Filed under: Uncategorized | Tags: Cedars, Cedarville University, Christianity, feminism, journalism
Cedarville University, never the greatest fan of academic freedom, has finally shut the door on its student newspaper. CU’s Public Relations department had censored the paper for about a semester in order to limit controversial content, but apparently those censors were not conservative enough for CU.
I take a certain amount of pride in knowing that my articles annoyed the trustees of Cedarville University. It means I did my job. I made people think, and the people who refused to think simply got angry as they always do. I didn’t think it was possible for my opinion of Cedarville to drop, but it has. News flash, CU: Censorship is not ok. You don’t have the right to tell people what to say unless they are participating in hate speech. You are not my babysitter. You are not my parent. You are not my pastor or my counselor or my conscience. Your job is to educate me, and you have failed this job miserably.
I feel that I’ve wasted tens of thousands of dollars on this school. CU specializes in brainwashing, not education. It’s also difficult not to see this as a personal attack. I’m aware that my articles only contributed to the problem; they did not create the problem. The world does not revolve around me and My Edgy Feminist Style. But I do think I’ve been misunderstood, and that no one’s bothered to correct the misunderstanding. Why is it so terrible to identify oneself as a feminist? Feminism is not so radical as people seem to think. Feminism is about equal respect and equal opportunities–no more and no less.
I don’t want to go down in history as that liberal feminist girl. Who would? I don’t want to be defined by my politics or my ideology, and yet because I am outspoken, that’s the label that CU’s administration and student body has pinned to me. It makes me easier to understand. I’m a known quantity and I’m that much easier to dismiss.

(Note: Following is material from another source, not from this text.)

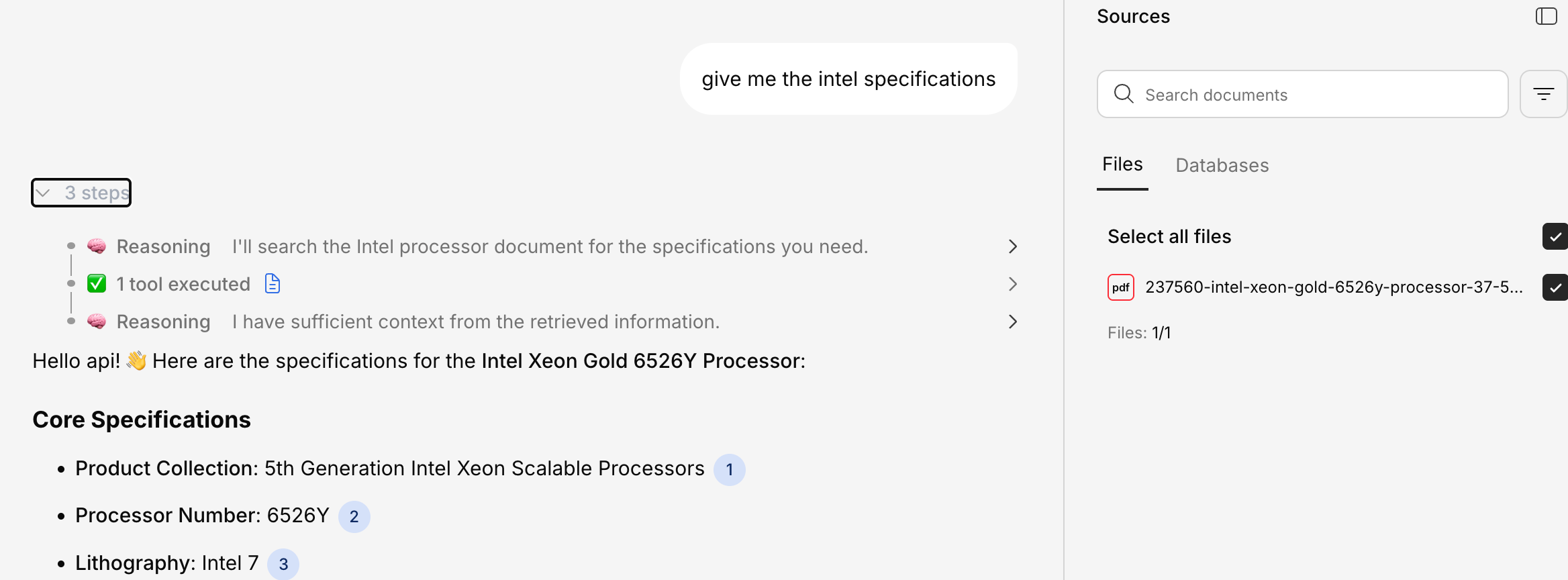 The platform finds the most relevant sections across all your uploaded documents.

And they did. They dismissed me, and my friends, and all the work we put into the student newspaper. That’s not all right. And we won’t be quiet about it. I invite you to visit the following two sites: http://chronicle.com/temp/email2.php?id=ydzqSHptgsHpmY9qRdCgCfjxVnfGrShq and http://blog.christianitytoday.com/ctliveblog/archives/2009/04/cedarville_stud.html for more info on Cedarville’s latest Epic Fail.
Filed under: Uncategorized | Tags: Cedarville University, Christianity, conservative christianity, Dannah Gresh, modesty
Note: the student newspaper of Cedarville University (which has been shut down by the university since this letter was written) is called. Not The Cedars, but apparently this alumna did not know that.

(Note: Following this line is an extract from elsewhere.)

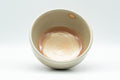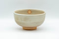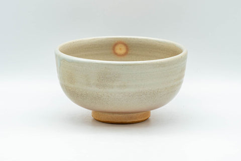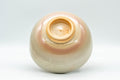 This Hagi-yaki wan-nari chawan (matcha bowl) features a warm beige with peach spots in a pattern known as 'gohonte'.

Now for the letter, which was sent to Cedars’ editor, and not to me:
Is it coincidence that one of the nations most vocal opponents to immodesty hit the Cedarville campus the same day that Sarah Jones’ critique of Sanctify Ministries’ Modesty Panel, sensationally entitled “Immodesty and Misogyny,” hit The Cedars? I don’t believe in coincidence. I believe God ordains things. With that supposition, I couldn’t just turn a blind eye to what I saw in my alma maters newspaper on March 19, 2009.
Let’s start with where I do agree with the opinion piece. First, “modesty [does] go both ways.” Both men and women have a great responsibility to refrain from dressing like sex objects. Agreed. Second, there is never an excuse for a guy or a girl acting out on sexual thoughts regardless of how someone near them has dressed. We should “hold them responsible for their actions.” Agreed.
Ironically, these two points of agreement are actually where I begin voicing a concern with the Sarah. If she can make the statement that “modesty goes both ways,” why is it offensive that a women’s ministry led by women would invite women to an event to learn a little more about how they can do their part? Does modesty really go both ways? Either it does or it doesn’t. But you can’t say it does and then complain when women take responsibility for their part. Instead of applauding the attempt, it was compared to the “morality police [she’s] read about in Saudi Arabia and Iran.” Talk about sensationalizing an issue! Sounded like the atheists and Americans United for the Separation of Church and State who have sounded out against me as I speak out against immodesty in publications like USA TODAY, The Chicago Tribune and the Dallas/Fort Worth Star Telegram. They once called me “the Taliban!”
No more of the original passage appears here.